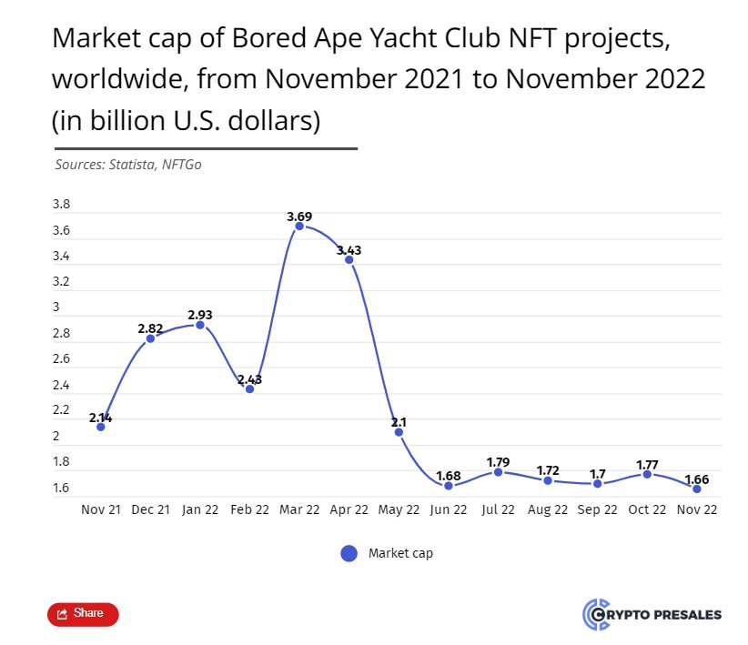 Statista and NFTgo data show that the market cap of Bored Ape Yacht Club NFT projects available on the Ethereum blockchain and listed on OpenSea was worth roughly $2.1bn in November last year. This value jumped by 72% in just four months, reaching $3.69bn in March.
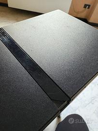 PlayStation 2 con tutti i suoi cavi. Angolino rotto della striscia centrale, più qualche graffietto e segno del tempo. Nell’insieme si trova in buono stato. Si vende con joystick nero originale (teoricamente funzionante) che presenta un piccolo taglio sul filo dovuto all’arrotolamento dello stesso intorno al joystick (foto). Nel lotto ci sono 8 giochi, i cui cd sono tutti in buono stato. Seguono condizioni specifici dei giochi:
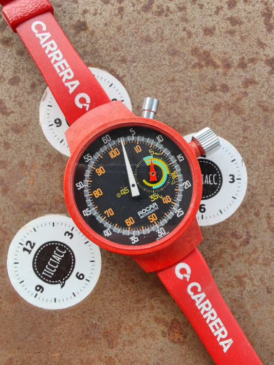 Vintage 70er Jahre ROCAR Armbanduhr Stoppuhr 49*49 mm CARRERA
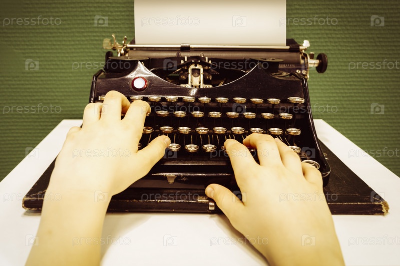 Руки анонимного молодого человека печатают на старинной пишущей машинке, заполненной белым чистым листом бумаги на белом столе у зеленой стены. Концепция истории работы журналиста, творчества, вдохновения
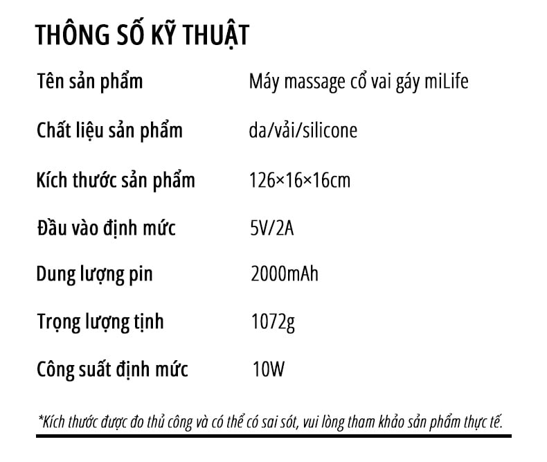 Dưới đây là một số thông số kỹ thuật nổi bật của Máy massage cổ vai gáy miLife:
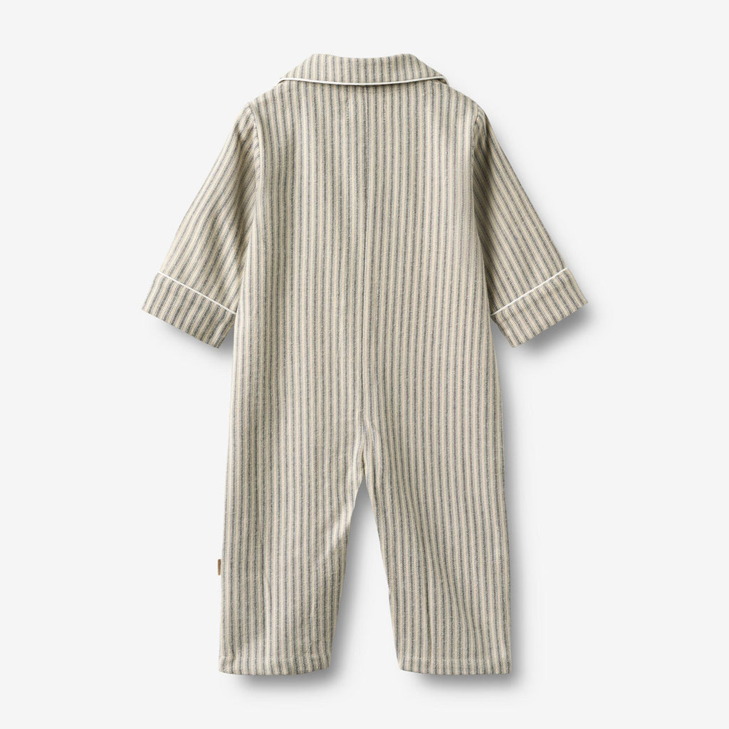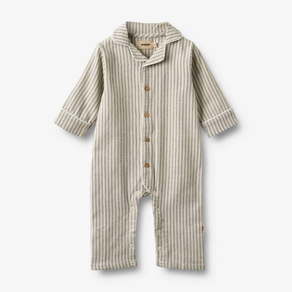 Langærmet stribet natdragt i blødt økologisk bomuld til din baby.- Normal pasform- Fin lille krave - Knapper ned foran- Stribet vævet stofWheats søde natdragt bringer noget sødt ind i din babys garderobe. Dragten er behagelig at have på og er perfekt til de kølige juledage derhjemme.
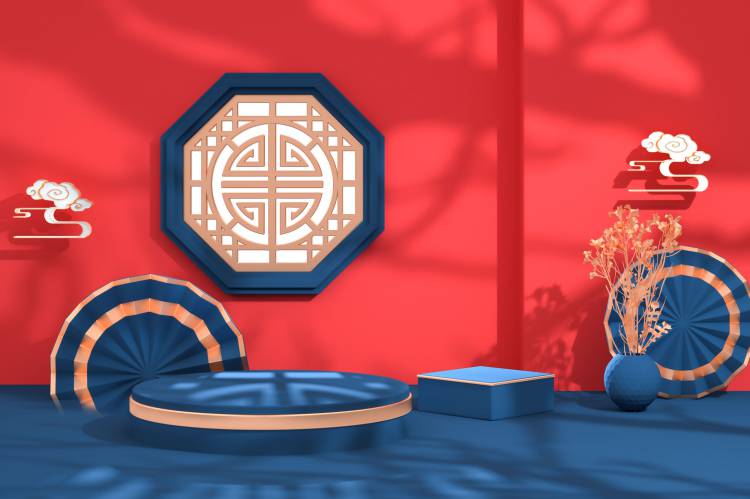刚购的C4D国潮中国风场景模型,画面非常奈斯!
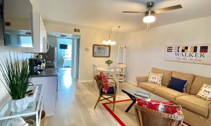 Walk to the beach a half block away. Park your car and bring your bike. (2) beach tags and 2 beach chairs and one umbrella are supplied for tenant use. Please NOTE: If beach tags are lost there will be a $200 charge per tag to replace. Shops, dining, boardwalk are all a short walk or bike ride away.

################

§ PROBLEM TO WORK ON:
Your task is to write out, exactly and without pictures, only the lines from the one holding "Vintage 70er Jahre" to the last line of the data.

§ RESULT BELOW:
 Vintage 70er Jahre ROCAR Armbanduhr Stoppuhr 49*49 mm CARRERA
 Руки анонимного молодого человека печатают на старинной пишущей машинке, заполненной белым чистым листом бумаги на белом столе у зеленой стены. Концепция истории работы журналиста, творчества, вдохновения
 Dưới đây là một số thông số kỹ thuật nổi bật của Máy massage cổ vai gáy miLife:
 Langærmet stribet natdragt i blødt økologisk bomuld til din baby.- Normal pasform- Fin lille krave - Knapper ned foran- Stribet vævet stofWheats søde natdragt bringer noget sødt ind i din babys garderobe. Dragten er behagelig at have på og er perfekt til de kølige juledage derhjemme.
刚购的C4D国潮中国风场景模型,画面非常奈斯!
 Walk to the beach a half block away. Park your car and bring your bike. (2) beach tags and 2 beach chairs and one umbrella are supplied for tenant use. Please NOTE: If beach tags are lost there will be a $200 charge per tag to replace. Shops, dining, boardwalk are all a short walk or bike ride away.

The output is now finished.